INSERT INTO TABLE <CARBONDATA TABLE> SELECT * FROM sourceTableName [ WHERE { <filter_condition> } ]
You can also omit the table
keyword and write your query as:
INSERT INTO <CARBONDATA TABLE> SELECT * FROM sourceTableName [ WHERE { <filter_condition> } ]
Overwrite insert data:
INSERT OVERWRITE TABLE <CARBONDATA TABLE> SELECT * FROM sourceTableName [ WHERE { <filter_condition> } ]
NOTE:
Examples
INSERT INTO table1 SELECT item1, sum(item2 + 1000) as result FROM table2 group by item1
INSERT INTO table1 SELECT item1, item2, item3 FROM table2 where item2='xyz'
INSERT OVERWRITE TABLE table1 SELECT * FROM TABLE2
This command allows you to load data using static partition.
LOAD DATA [LOCAL] INPATH 'folder_path' INTO TABLE [db_name.]table_name PARTITION (partition_spec) OPTIONS(property_name=property_value, ...) INSERT INTO INTO TABLE [db_name.]table_name PARTITION (partition_spec) <SELECT STATEMENT>
Example:
LOAD DATA LOCAL INPATH '${env:HOME}/staticinput.csv' INTO TABLE locationTable PARTITION (country = 'US', state = 'CA') INSERT INTO TABLE locationTable PARTITION (country = 'US', state = 'AL') SELECT <columns list excluding partition columns> FROM another_user
This command allows you to load data using dynamic partition. If partition spec is not specified, then the partition is considered as dynamic.
Example:
LOAD DATA LOCAL INPATH '${env:HOME}/staticinput.csv' INTO TABLE locationTable INSERT INTO TABLE locationTable SELECT <columns list excluding partition columns> FROM another_user
This command will allow to update the CarbonData table based on the column expression and optional filter conditions.

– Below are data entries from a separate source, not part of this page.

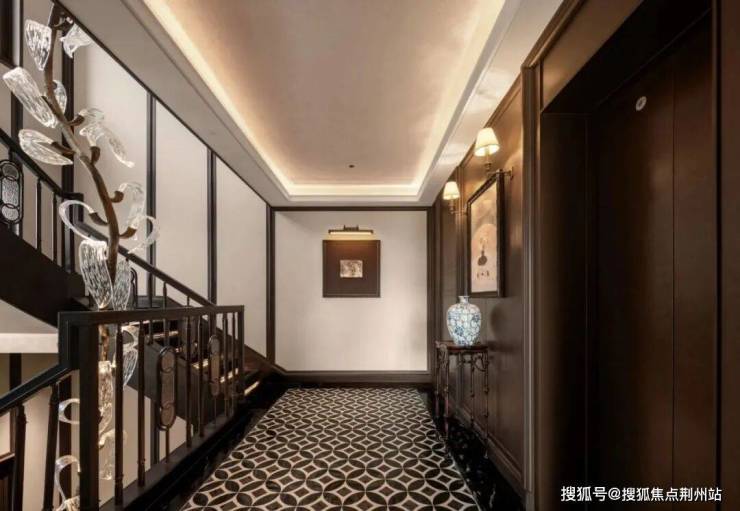 它还不止是宽,更有深度,走在这条缓坡而上的廊道上,是不一样的归家感受,两边列队欢迎的奢石,是「翠谷幽兰」,单方造价非常贵;顶上是三个玉石天井华盖,采用叠级的手法,有着宫廷的礼序。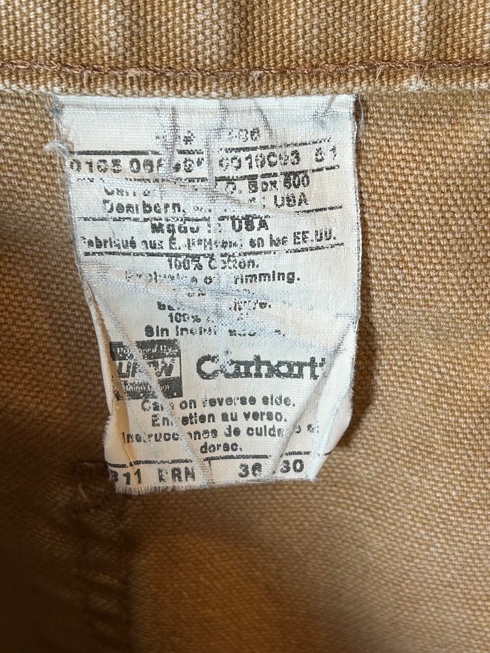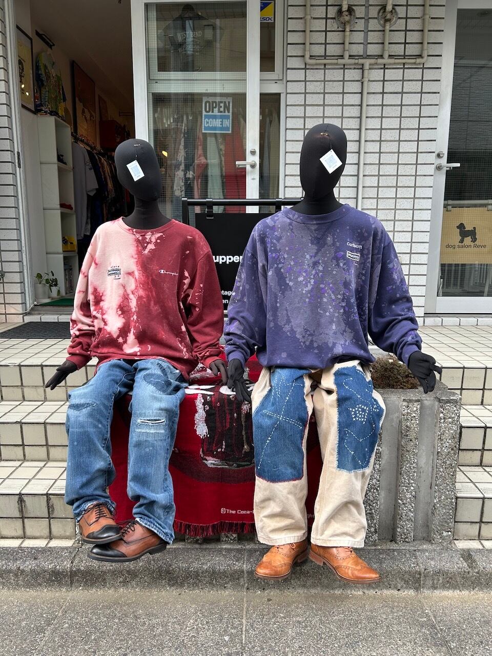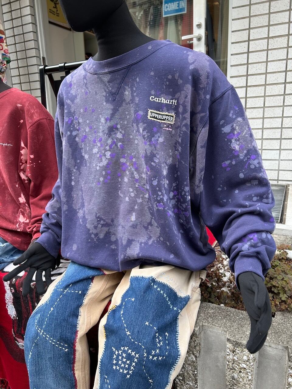 ご覧いただきありがとうございます!こちらのUPRUPR upcycle pants W36は、良く履き込まれた2000年代アメリカ製のCarharttダックパンツに、70年代の色落ちデニム生地を膝周辺に大胆に当て、手縫いで装飾したユニークな一本です。自由に動く刺し子風の刺繍が元々の無骨な雰囲気と相まって、独特なアート感を放つアイテムです。白いシャツと合わせて大人っぽく、またはパーカーと合わせてカジュアルにと、幅広く楽しめるアイテムです。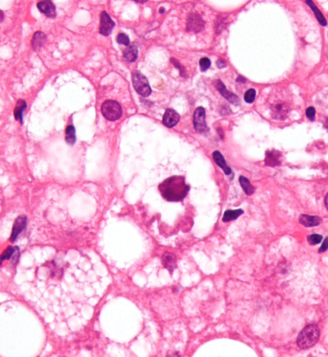Alcoholic fatty liver disease refers to the accumulation of fat globules in the hepatocytes as a result of chronic consumption of alcohol. Binge-drinking can also cause cirrhosis. On biopsy, Mallory bodies are found in hepatocytes. Mallory bodies are cytoplasmic inclusion that are produced as a result of damaged intermediate filaments. These inclusions are eosinophilic. Source: https://en.wikipedia.org/wiki/Mallory_body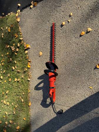 gently used hedge trimmer with owners manual. upgraded to cordless trimmer. rotating handle.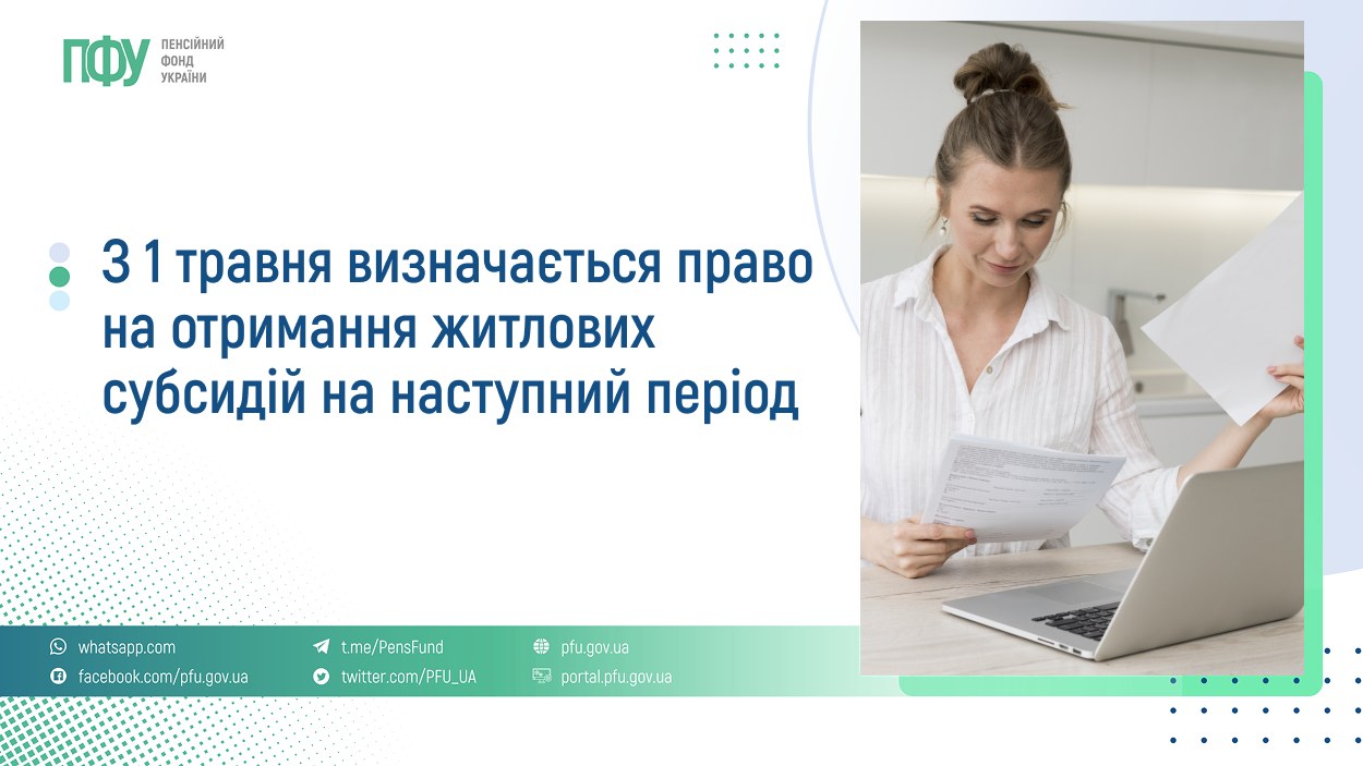 З 1️⃣ травня органи Пенсійного фонду України визначають право на отримання житлових субсидій на наступний період (по 30 квітня 2026 року).

UPDATE <table_name> SET (column_name1, column_name2, ... column_name n) = (column1_expression , column2_expression, ... column n_expression ) [ WHERE { <filter_condition> } ]
alternatively the following command can also be used for updating the CarbonData Table :
UPDATE <table_name> SET (column_name1, column_name2) =(select sourceColumn1, sourceColumn2 from sourceTable [ WHERE { <filter_condition> } ] ) [ WHERE { <filter_condition> } ]
NOTE: The update command fails if multiple input rows in source table are matched with single row in destination table.
Examples:
UPDATE t3 SET (t3_salary) = (t3_salary + 9) WHERE t3_name = 'aaa1'
UPDATE t3 SET (t3_date, t3_country) = ('2017-11-18', 'india') WHERE t3_salary < 15003
UPDATE t3 SET (t3_country, t3_name) = (SELECT t5_country, t5_name FROM t5 WHERE t5_id = 5) WHERE t3_id < 5
UPDATE t3 SET (t3_date, t3_serialname, t3_salary) = (SELECT '2099-09-09', t5_serialname, '9999' FROM t5 WHERE t5_id = 5) WHERE t3_id < 5
UPDATE t3 SET (t3_country, t3_salary) = (SELECT t5_country, t5_salary FROM t5 FULL JOIN t3 u WHERE u.t3_id = t5_id and t5_id=6) WHERE t3_id >6
NOTE: Update Complex datatype columns is not supported.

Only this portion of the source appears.